Thursday, February 19, 2009

More resonating with distributed cognition

Reference: Karasavvidis, I. (2002). Distributed cognition and educational practice. Journal of Interactive Learning Research, 13 (1/2), 11-29.

Karasavvidis' (2002) article on distributed cognition (DC) helped me better understand this concept.
This author argues that DC is a “set of ideas about the nature of cognition and how it relates to fellow people and artifacts” (p.13). It seems that DC is not a completely new idea in the cognitive science but rather a revived one.
DC is a different lens for understanding human cognition, which emerged as a reaction to the cognitive science tradition of limiting cognition to what happens inside of the individual’s head. In this tradition, cognition is seen as the property of the individual. Adepts of the distributed cognition framework (i.e., Hutchins, Clark, Nardi, Cobb, Salomon), however, argue for seeing cognition as a “property of the whole system within which the individual functions” (p. 14). The individual makes use of the environment (artifacts and/or fellow individuals) to reduce the cognitive load.
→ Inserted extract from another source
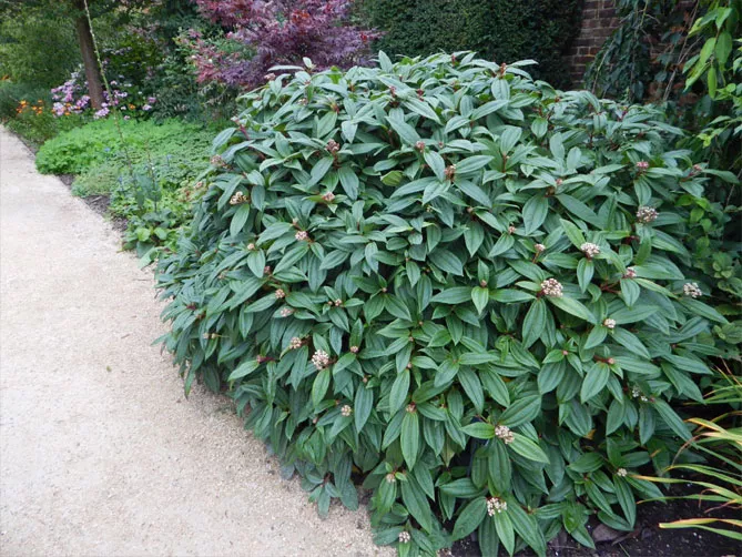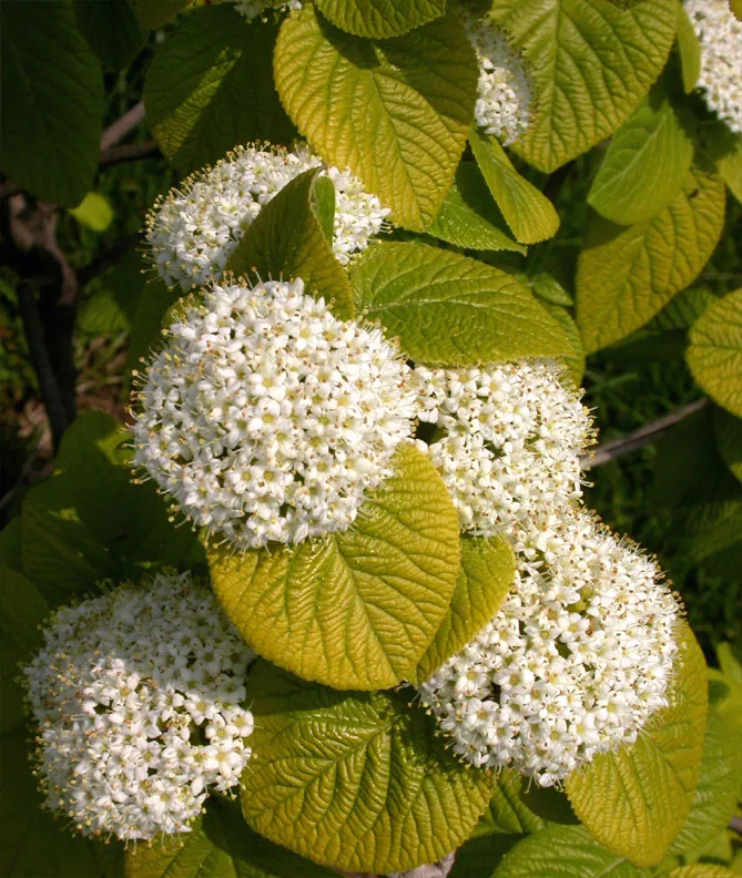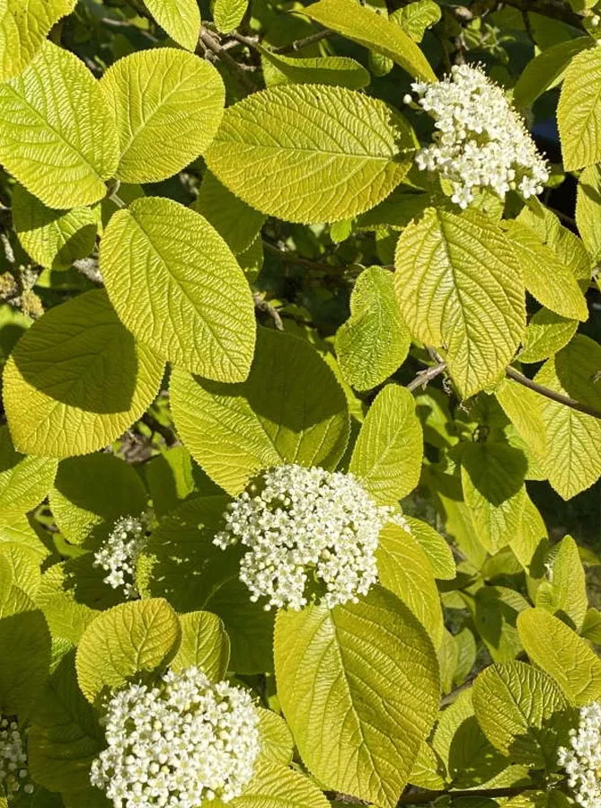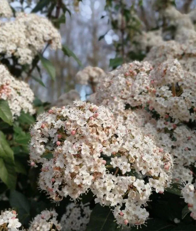 Що ж стосується вічнозелених видів, то вони дозволяють створити масив, який залишається зеленим навіть посеред зими! Наприклад, Viburnum tinus, Viburnum davidii, Viburnum x burkwoodii та Viburnum rhytidophyllum. Також дуже цікава чудова золотисто-жовта листва калини лантанової «Aureum»!

This article identifies two dimensions of distributed cognition: social and material. The social dimension refers to distribution across members of the community, while the material one refers to distribution between internal and external components (i.e., cognitive tools, artifacts). This separation, however, is artificial but useful, as Karasavvidis points out, because the two dimensions can co-exist, as cognition can involve other individuals and tools/ artifacts simultaneous.

An interesting case that Karasavvidis makes is that the idea of distributed cognition can be traced back to Vygotsky’s concepts of mediation of psychological processes by symbols, and cultural development. Especially the social dimension of DC seems to draw heavily on Vygotsky’s view of the “social origins of individual mental functioning” (p.19).

Karasavvidis identifies important implications of DC for educational practice. From a DC perspective, the teaching, learning and assessment practices have to change fundamentally. An educational system which emphasizes individual work and secluded assessment of the students without resort to artifacts is incompatible with the distributed cognition approach.
When cognition is distributed across settings and fellow students, the learning objective need to be reformulated. For example, when using computers to learn about graphs, the emphasis moves from learning to design graphs to learning to interpret the graphs which are easily generated by the computer. Thus, teaching and learning have to be redefined and the curriculum revised to accommodate the new approach to understanding cognition.